Looking ahead, several avenues appear particularly promising. These include the development of multi-strain or microbiome-based biocontrol products that are more resilient and effective under variable conditions, the application of nanotechnology for controlled release and targeted delivery of antifungal agents, and the use of artificial intelligence and machine learning for early detection, monitoring, and prediction of rot outbreaks. The integration of “omics” tools such as genomics, metabolomics, and transcriptomics could help identify molecular targets of resistance and provide a deeper understanding of host–pathogen interactions. Furthermore, emerging approaches such as metagenomics to study the fruit microbiome for the development of next-generation probiotic preparations, the use of CRISPR technology to edit fruit disease resistance genes, and the development of real-time disease early warning systems based on the Internet of Things (IoT), all point to clear technological breakthroughs. The design of sustainable packaging systems incorporating antimicrobial materials or sensors to prolong shelf life and monitor fruit status also represents a significant opportunity.

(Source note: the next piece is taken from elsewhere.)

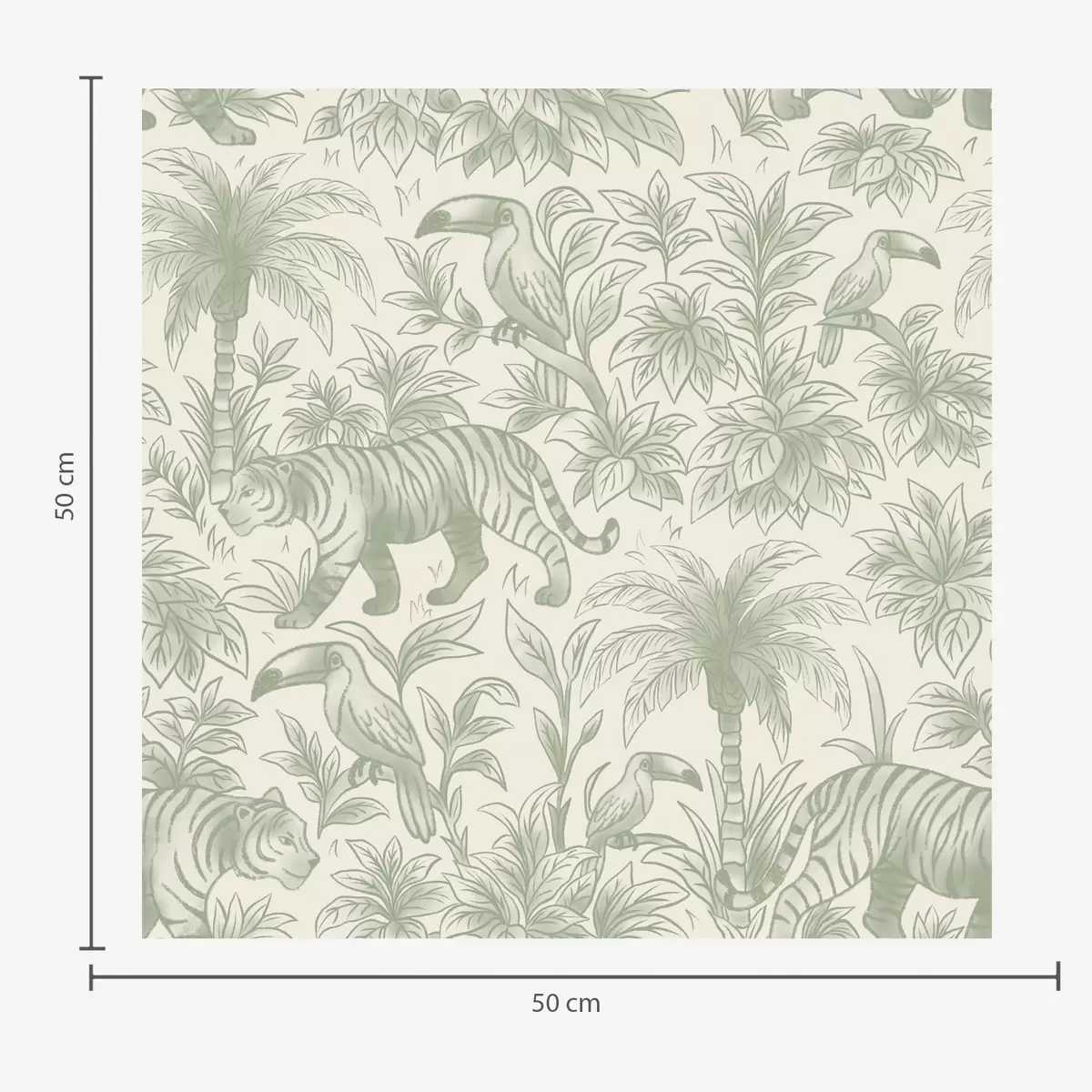 Wallpapers Tigers and tropical birds among palms on a light background No. a00711

Ultimately, the goal is not only to reduce rot incidence but also to ensure fruit safety, maintain high quality, reduce postharvest losses, and comply with international standards for sustainable and responsible agriculture. To achieve this, bridging the gap between experimental research and commercial application will be essential, supported by policy, innovation, and interdisciplinary collaboration.